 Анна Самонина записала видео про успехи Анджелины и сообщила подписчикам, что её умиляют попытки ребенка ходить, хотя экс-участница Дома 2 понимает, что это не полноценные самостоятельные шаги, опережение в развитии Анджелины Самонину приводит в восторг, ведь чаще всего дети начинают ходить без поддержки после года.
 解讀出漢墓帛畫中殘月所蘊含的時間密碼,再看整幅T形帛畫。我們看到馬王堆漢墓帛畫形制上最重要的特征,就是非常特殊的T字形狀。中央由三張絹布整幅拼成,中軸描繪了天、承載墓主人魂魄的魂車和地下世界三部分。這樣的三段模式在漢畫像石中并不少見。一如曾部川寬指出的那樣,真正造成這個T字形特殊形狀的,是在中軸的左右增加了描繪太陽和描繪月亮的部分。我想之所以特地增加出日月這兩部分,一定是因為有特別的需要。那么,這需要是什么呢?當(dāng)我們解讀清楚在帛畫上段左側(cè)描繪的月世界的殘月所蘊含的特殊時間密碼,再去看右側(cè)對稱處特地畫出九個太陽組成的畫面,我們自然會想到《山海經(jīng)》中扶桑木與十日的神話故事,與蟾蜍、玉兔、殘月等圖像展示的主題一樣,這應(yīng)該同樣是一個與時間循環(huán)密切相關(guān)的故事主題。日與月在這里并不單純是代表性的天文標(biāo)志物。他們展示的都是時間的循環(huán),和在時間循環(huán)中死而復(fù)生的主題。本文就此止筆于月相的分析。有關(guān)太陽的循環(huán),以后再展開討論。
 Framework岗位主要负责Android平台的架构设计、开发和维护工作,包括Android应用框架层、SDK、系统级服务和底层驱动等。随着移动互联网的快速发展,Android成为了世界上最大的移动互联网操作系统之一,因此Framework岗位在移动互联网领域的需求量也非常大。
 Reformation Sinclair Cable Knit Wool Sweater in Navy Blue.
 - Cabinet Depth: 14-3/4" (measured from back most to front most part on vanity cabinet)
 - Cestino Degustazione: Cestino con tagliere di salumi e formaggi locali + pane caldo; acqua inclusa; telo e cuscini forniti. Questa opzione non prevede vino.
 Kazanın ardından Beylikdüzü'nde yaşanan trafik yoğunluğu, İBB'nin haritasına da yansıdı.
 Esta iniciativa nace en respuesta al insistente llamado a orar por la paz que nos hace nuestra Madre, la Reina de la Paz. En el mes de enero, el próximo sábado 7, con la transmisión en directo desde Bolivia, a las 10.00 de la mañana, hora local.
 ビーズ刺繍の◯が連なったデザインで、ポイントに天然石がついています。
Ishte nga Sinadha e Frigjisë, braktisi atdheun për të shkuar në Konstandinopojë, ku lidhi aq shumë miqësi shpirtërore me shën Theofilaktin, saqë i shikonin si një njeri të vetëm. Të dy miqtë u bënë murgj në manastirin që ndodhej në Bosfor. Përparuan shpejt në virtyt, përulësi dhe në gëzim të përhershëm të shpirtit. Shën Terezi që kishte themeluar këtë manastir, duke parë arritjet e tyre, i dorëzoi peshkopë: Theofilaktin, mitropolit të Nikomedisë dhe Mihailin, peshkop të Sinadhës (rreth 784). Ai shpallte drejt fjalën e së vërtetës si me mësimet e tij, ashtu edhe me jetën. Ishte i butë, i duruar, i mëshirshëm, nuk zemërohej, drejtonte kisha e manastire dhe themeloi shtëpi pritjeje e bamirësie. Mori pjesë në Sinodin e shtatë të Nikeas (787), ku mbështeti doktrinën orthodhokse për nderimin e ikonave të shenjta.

++++++++

**Your assignment:**
With nothing added or dropped, reproduce all the data exactly.

**Solution:**
 Анна Самонина записала видео про успехи Анджелины и сообщила подписчикам, что её умиляют попытки ребенка ходить, хотя экс-участница Дома 2 понимает, что это не полноценные самостоятельные шаги, опережение в развитии Анджелины Самонину приводит в восторг, ведь чаще всего дети начинают ходить без поддержки после года.
 解讀出漢墓帛畫中殘月所蘊含的時間密碼,再看整幅T形帛畫。我們看到馬王堆漢墓帛畫形制上最重要的特征,就是非常特殊的T字形狀。中央由三張絹布整幅拼成,中軸描繪了天、承載墓主人魂魄的魂車和地下世界三部分。這樣的三段模式在漢畫像石中并不少見。一如曾部川寬指出的那樣,真正造成這個T字形特殊形狀的,是在中軸的左右增加了描繪太陽和描繪月亮的部分。我想之所以特地增加出日月這兩部分,一定是因為有特別的需要。那么,這需要是什么呢?當(dāng)我們解讀清楚在帛畫上段左側(cè)描繪的月世界的殘月所蘊含的特殊時間密碼,再去看右側(cè)對稱處特地畫出九個太陽組成的畫面,我們自然會想到《山海經(jīng)》中扶桑木與十日的神話故事,與蟾蜍、玉兔、殘月等圖像展示的主題一樣,這應(yīng)該同樣是一個與時間循環(huán)密切相關(guān)的故事主題。日與月在這里并不單純是代表性的天文標(biāo)志物。他們展示的都是時間的循環(huán),和在時間循環(huán)中死而復(fù)生的主題。本文就此止筆于月相的分析。有關(guān)太陽的循環(huán),以后再展開討論。
 Framework岗位主要负责Android平台的架构设计、开发和维护工作,包括Android应用框架层、SDK、系统级服务和底层驱动等。随着移动互联网的快速发展,Android成为了世界上最大的移动互联网操作系统之一,因此Framework岗位在移动互联网领域的需求量也非常大。
 Reformation Sinclair Cable Knit Wool Sweater in Navy Blue.
 - Cabinet Depth: 14-3/4" (measured from back most to front most part on vanity cabinet)
 - Cestino Degustazione: Cestino con tagliere di salumi e formaggi locali + pane caldo; acqua inclusa; telo e cuscini forniti. Questa opzione non prevede vino.
 Kazanın ardından Beylikdüzü'nde yaşanan trafik yoğunluğu, İBB'nin haritasına da yansıdı.
 Esta iniciativa nace en respuesta al insistente llamado a orar por la paz que nos hace nuestra Madre, la Reina de la Paz. En el mes de enero, el próximo sábado 7, con la transmisión en directo desde Bolivia, a las 10.00 de la mañana, hora local.
 ビーズ刺繍の◯が連なったデザインで、ポイントに天然石がついています。
Ishte nga Sinadha e Frigjisë, braktisi atdheun për të shkuar në Konstandinopojë, ku lidhi aq shumë miqësi shpirtërore me shën Theofilaktin, saqë i shikonin si një njeri të vetëm. Të dy miqtë u bënë murgj në manastirin që ndodhej në Bosfor. Përparuan shpejt në virtyt, përulësi dhe në gëzim të përhershëm të shpirtit. Shën Terezi që kishte themeluar këtë manastir, duke parë arritjet e tyre, i dorëzoi peshkopë: Theofilaktin, mitropolit të Nikomedisë dhe Mihailin, peshkop të Sinadhës (rreth 784). Ai shpallte drejt fjalën e së vërtetës si me mësimet e tij, ashtu edhe me jetën. Ishte i butë, i duruar, i mëshirshëm, nuk zemërohej, drejtonte kisha e manastire dhe themeloi shtëpi pritjeje e bamirësie. Mori pjesë në Sinodin e shtatë të Nikeas (787), ku mbështeti doktrinën orthodhokse për nderimin e ikonave të shenjta.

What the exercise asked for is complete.